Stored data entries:
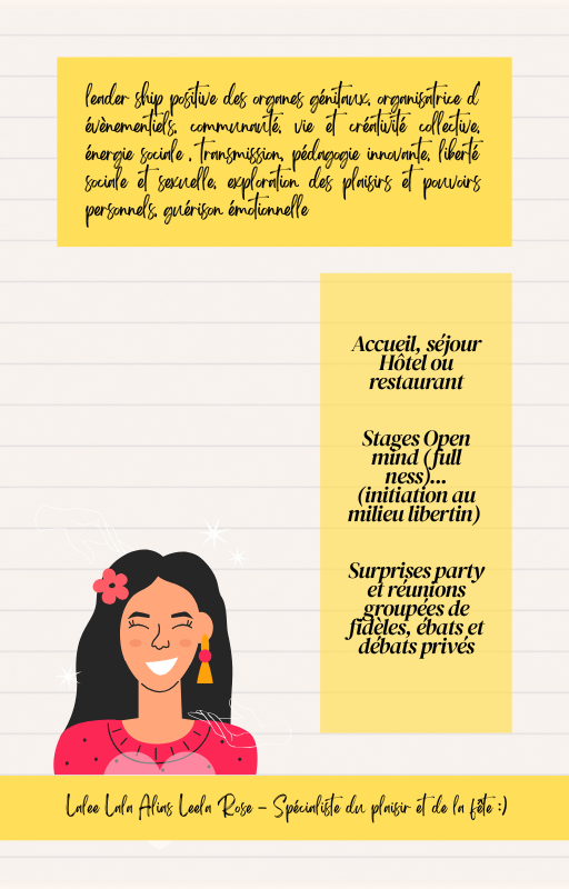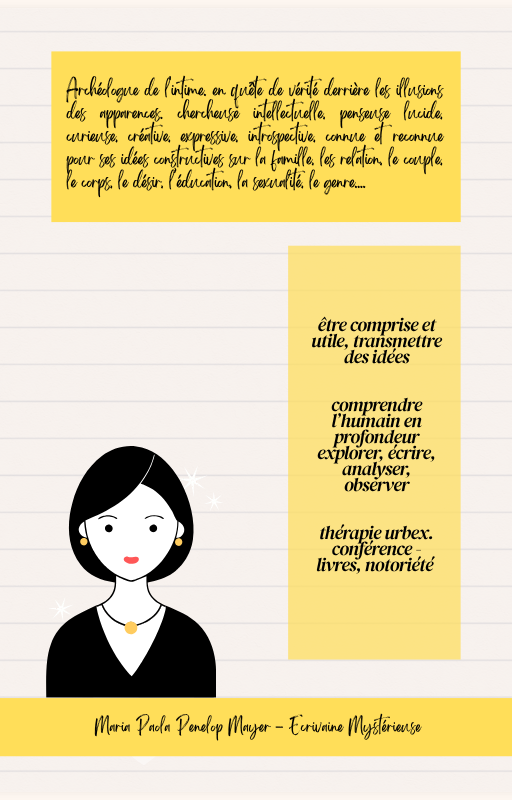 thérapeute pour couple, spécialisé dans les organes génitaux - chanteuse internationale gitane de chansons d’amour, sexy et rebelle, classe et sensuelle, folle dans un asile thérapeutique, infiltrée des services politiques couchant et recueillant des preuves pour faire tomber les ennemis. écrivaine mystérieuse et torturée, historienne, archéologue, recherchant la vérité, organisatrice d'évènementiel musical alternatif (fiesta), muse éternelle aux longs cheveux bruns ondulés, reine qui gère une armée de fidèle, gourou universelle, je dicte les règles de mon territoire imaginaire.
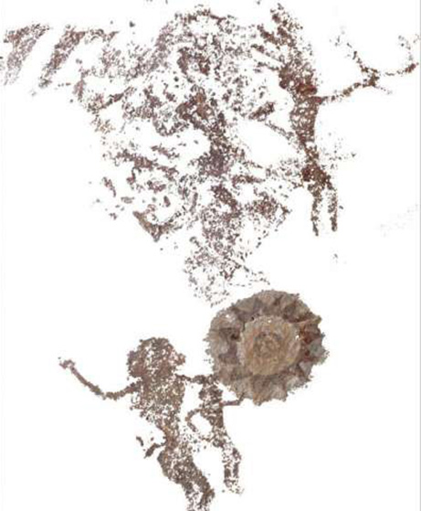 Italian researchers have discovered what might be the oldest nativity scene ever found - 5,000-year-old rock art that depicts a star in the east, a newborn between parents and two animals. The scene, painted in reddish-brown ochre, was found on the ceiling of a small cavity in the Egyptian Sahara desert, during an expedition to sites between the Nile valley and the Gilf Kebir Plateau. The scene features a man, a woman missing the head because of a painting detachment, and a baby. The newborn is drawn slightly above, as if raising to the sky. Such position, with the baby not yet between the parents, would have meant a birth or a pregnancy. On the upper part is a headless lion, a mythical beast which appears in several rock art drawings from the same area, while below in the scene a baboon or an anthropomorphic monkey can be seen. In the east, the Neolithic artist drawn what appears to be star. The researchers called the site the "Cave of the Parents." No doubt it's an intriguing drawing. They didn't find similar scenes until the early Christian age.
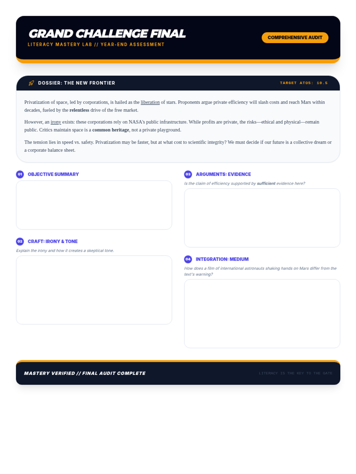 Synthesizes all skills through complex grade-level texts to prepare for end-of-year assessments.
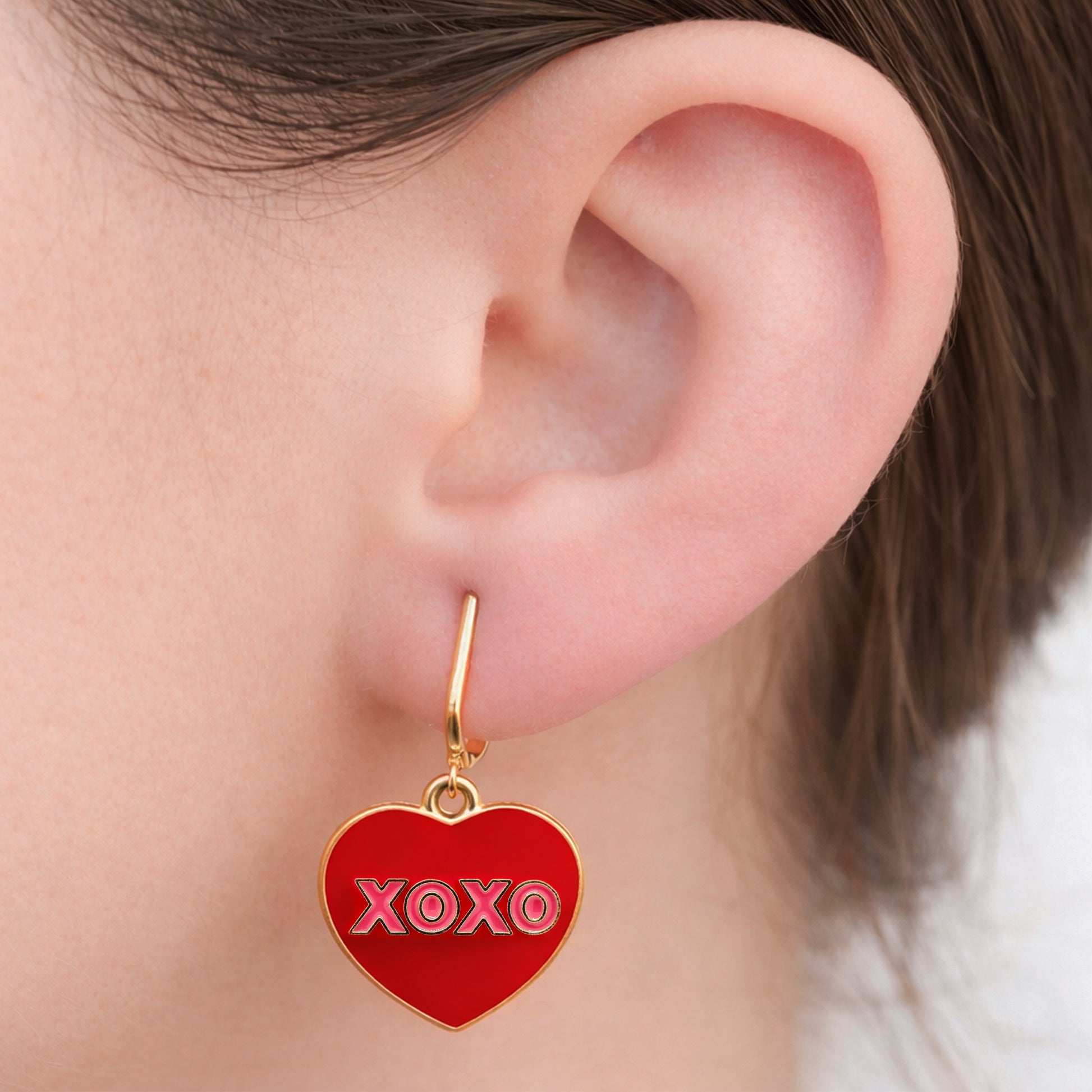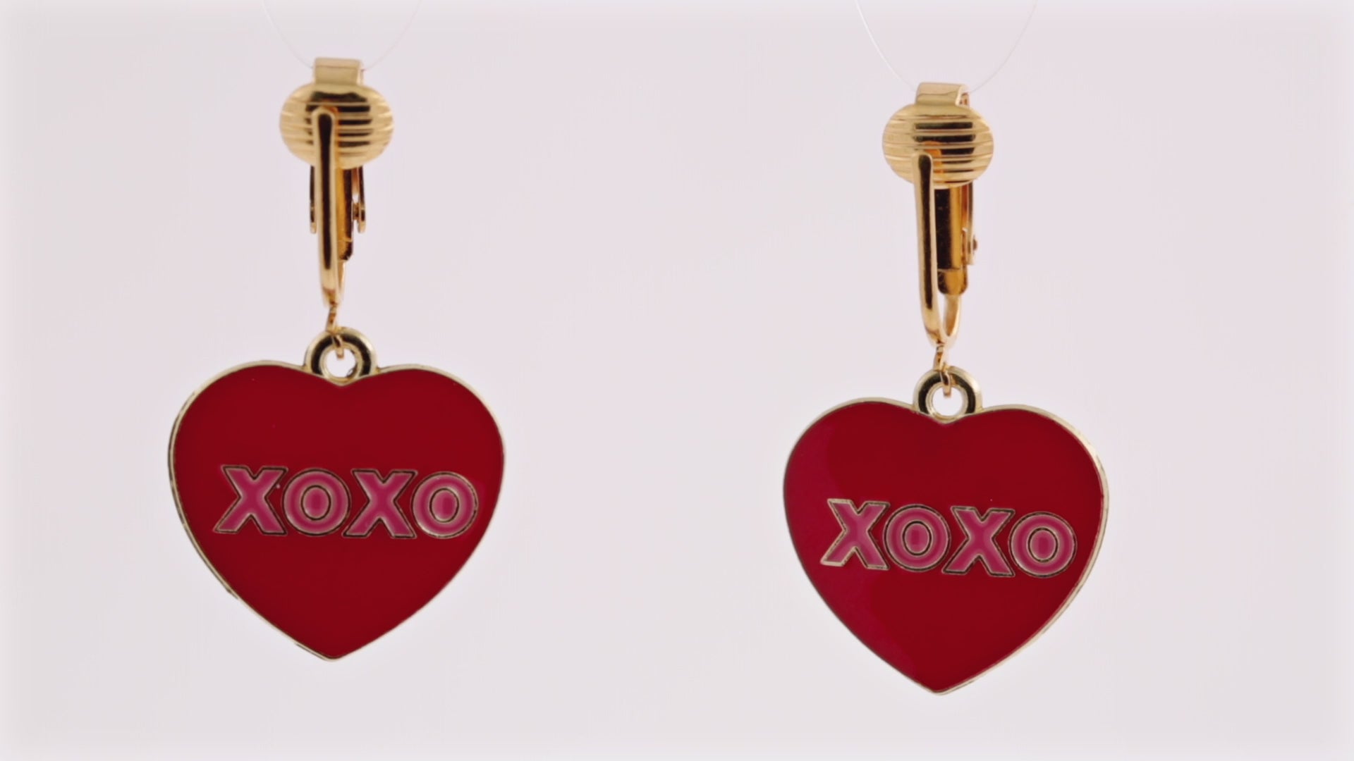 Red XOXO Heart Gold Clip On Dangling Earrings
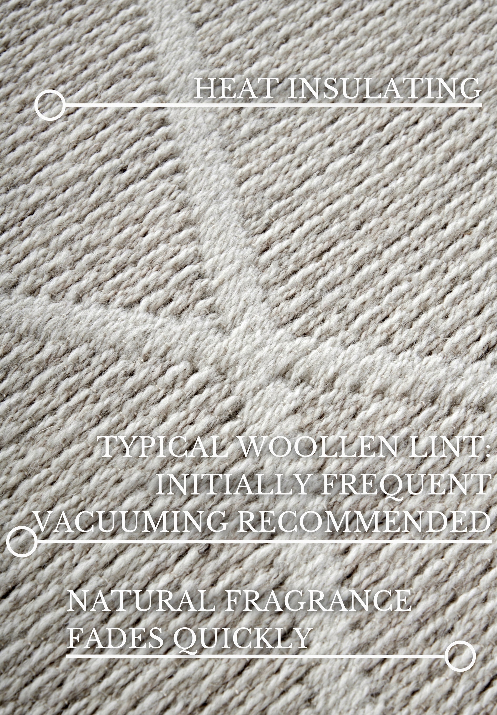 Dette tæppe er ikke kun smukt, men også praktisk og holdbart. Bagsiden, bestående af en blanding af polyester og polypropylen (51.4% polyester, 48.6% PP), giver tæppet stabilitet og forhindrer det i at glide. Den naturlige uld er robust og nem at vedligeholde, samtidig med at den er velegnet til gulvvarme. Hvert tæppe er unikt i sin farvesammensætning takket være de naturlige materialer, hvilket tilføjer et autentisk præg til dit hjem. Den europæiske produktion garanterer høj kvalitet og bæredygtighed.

WHAT IS REQUIRED: Above are records; write out the lines from the one with "Synthesizes all skills" down to the one with "Red XOXO Heart", exactly, leaving the pictures out.

SOLUTION:
 Synthesizes all skills through complex grade-level texts to prepare for end-of-year assessments.
 Red XOXO Heart Gold Clip On Dangling Earrings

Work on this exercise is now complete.